> _INFORMATION SHOWN_:
--------------------

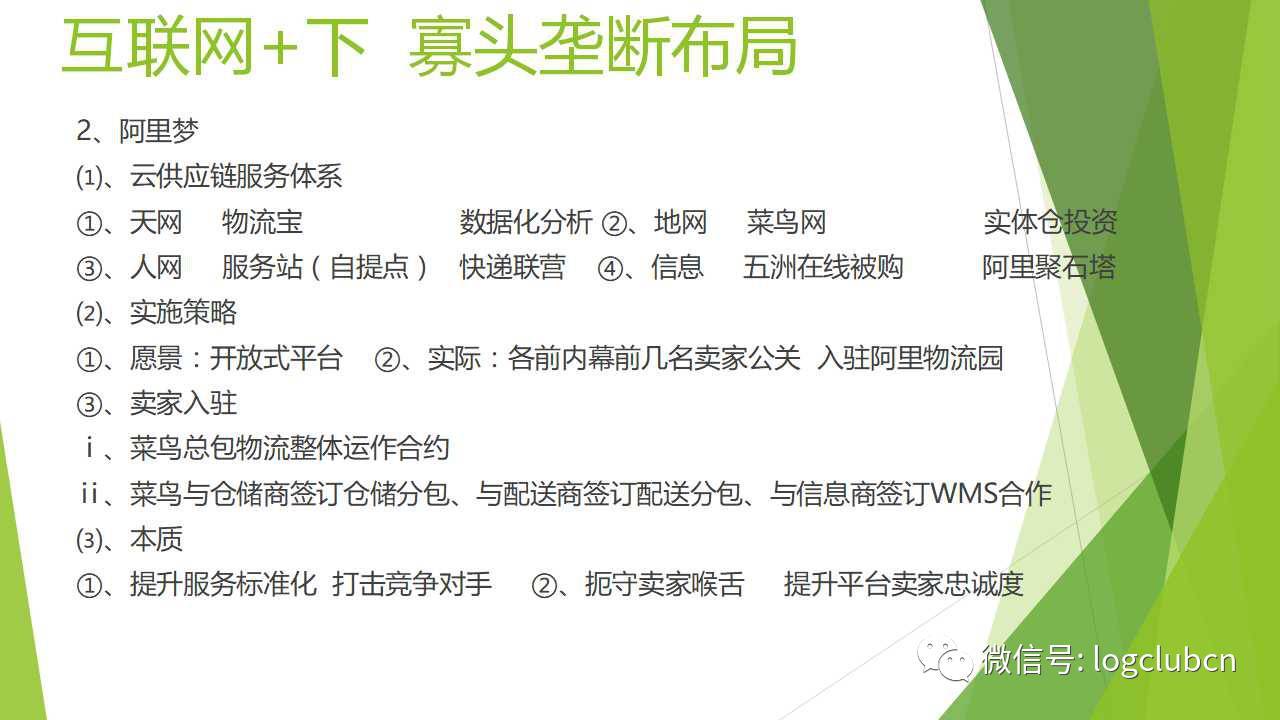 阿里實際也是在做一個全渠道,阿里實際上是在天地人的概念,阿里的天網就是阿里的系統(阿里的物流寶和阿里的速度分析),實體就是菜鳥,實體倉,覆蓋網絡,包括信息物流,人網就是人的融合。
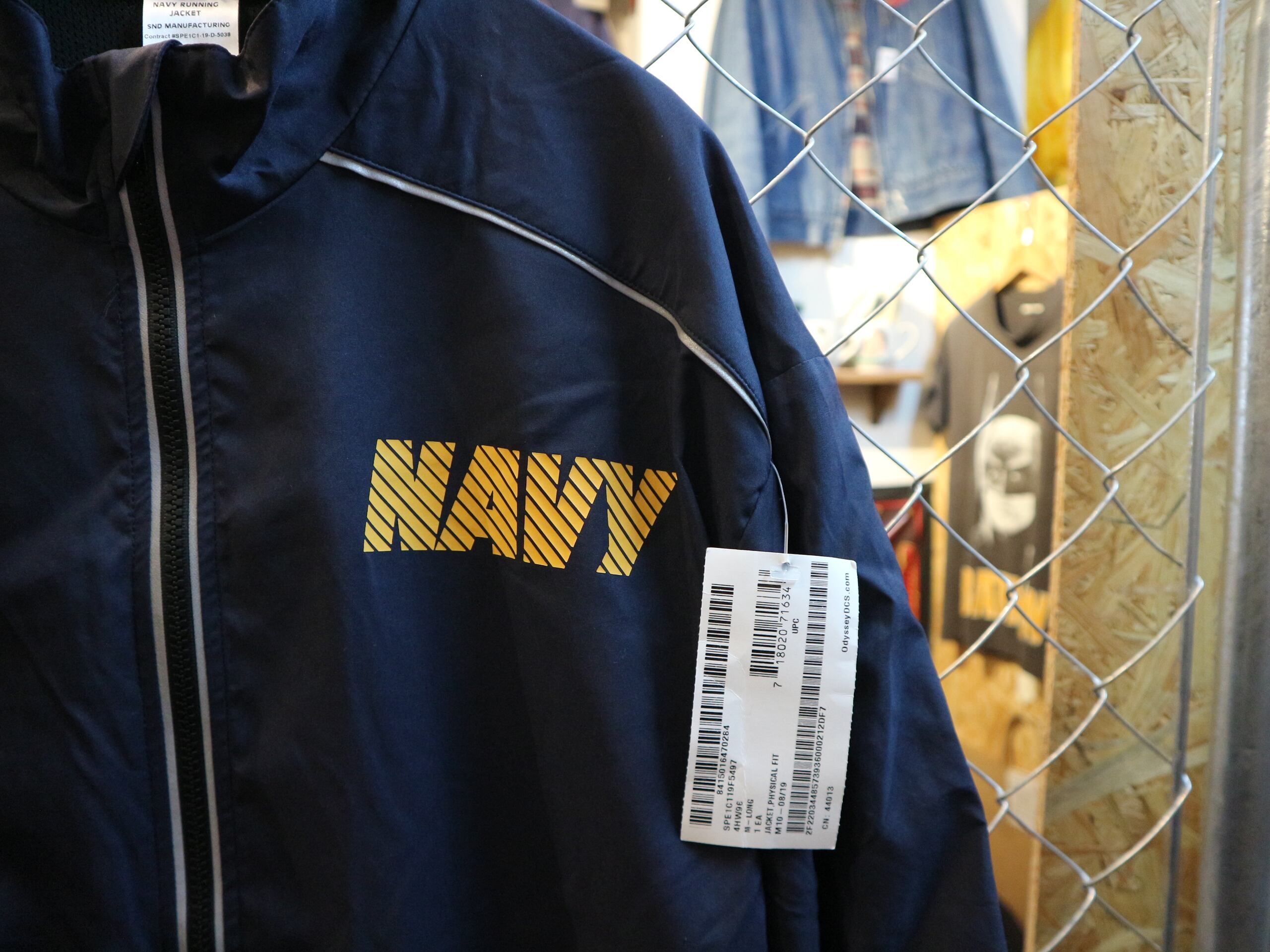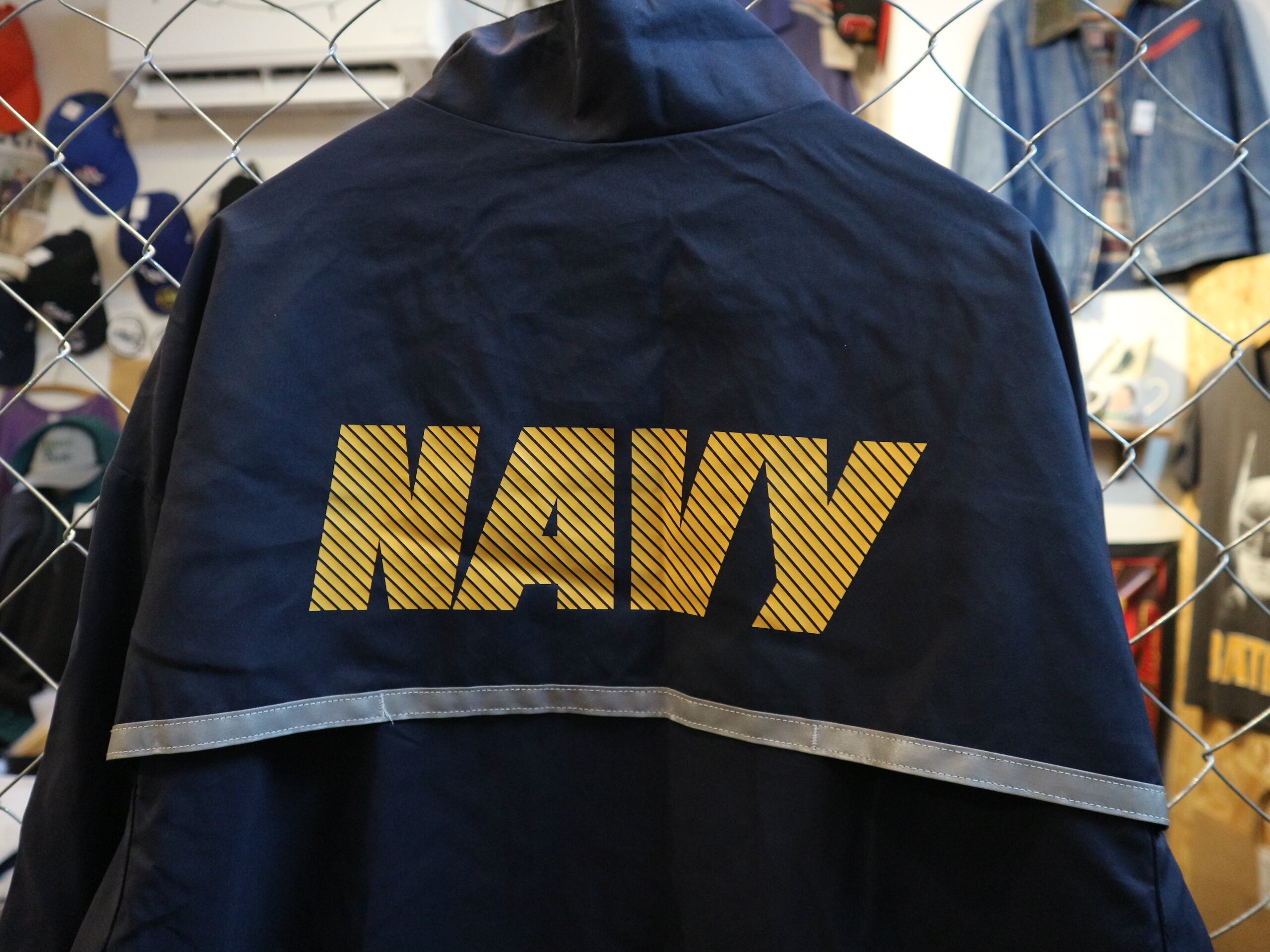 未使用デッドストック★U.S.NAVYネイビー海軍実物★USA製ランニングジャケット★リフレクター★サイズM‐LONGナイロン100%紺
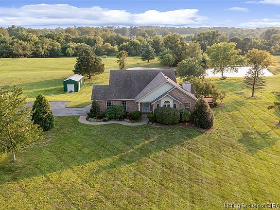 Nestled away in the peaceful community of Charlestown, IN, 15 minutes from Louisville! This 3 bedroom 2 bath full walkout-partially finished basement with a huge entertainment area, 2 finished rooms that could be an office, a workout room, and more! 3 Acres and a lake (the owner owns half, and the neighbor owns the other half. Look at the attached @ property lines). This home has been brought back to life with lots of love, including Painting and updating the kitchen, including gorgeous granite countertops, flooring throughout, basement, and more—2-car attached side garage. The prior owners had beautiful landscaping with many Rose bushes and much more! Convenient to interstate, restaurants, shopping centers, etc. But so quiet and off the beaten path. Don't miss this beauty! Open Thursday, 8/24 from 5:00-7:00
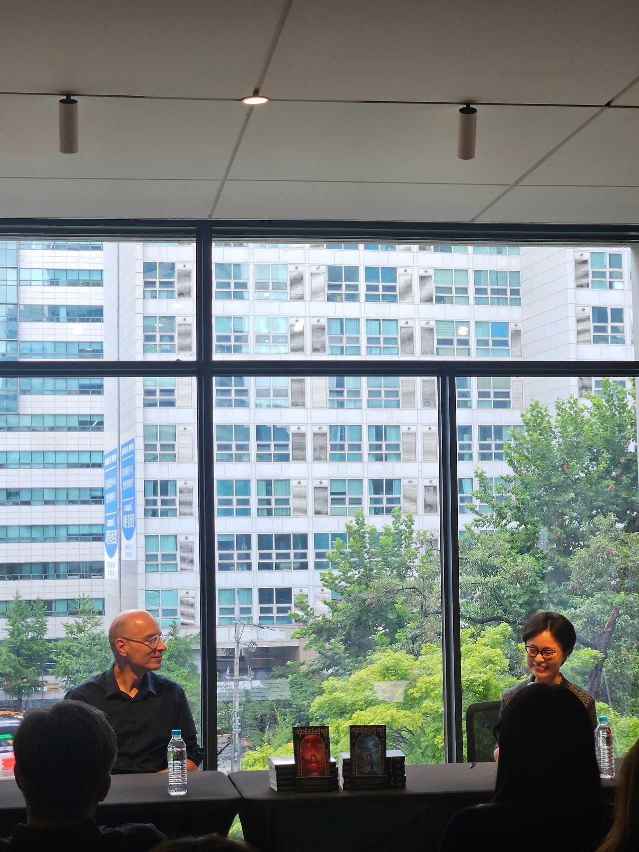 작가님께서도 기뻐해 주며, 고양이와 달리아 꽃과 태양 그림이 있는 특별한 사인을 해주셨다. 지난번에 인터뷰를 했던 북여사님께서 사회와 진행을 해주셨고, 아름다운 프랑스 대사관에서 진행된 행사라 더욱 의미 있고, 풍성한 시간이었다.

--------------------

> _REQUIREMENT_: Starting at the top of the listing above, please restate word for word each line up to and including the one that holds "未使用デッドストック★U.S", omitting every image.

> _WRITTEN SOLUTION_:
 阿里實際也是在做一個全渠道,阿里實際上是在天地人的概念,阿里的天網就是阿里的系統(阿里的物流寶和阿里的速度分析),實體就是菜鳥,實體倉,覆蓋網絡,包括信息物流,人網就是人的融合。
 未使用デッドストック★U.S.NAVYネイビー海軍実物★USA製ランニングジャケット★リフレクター★サイズM‐LONGナイロン100%紺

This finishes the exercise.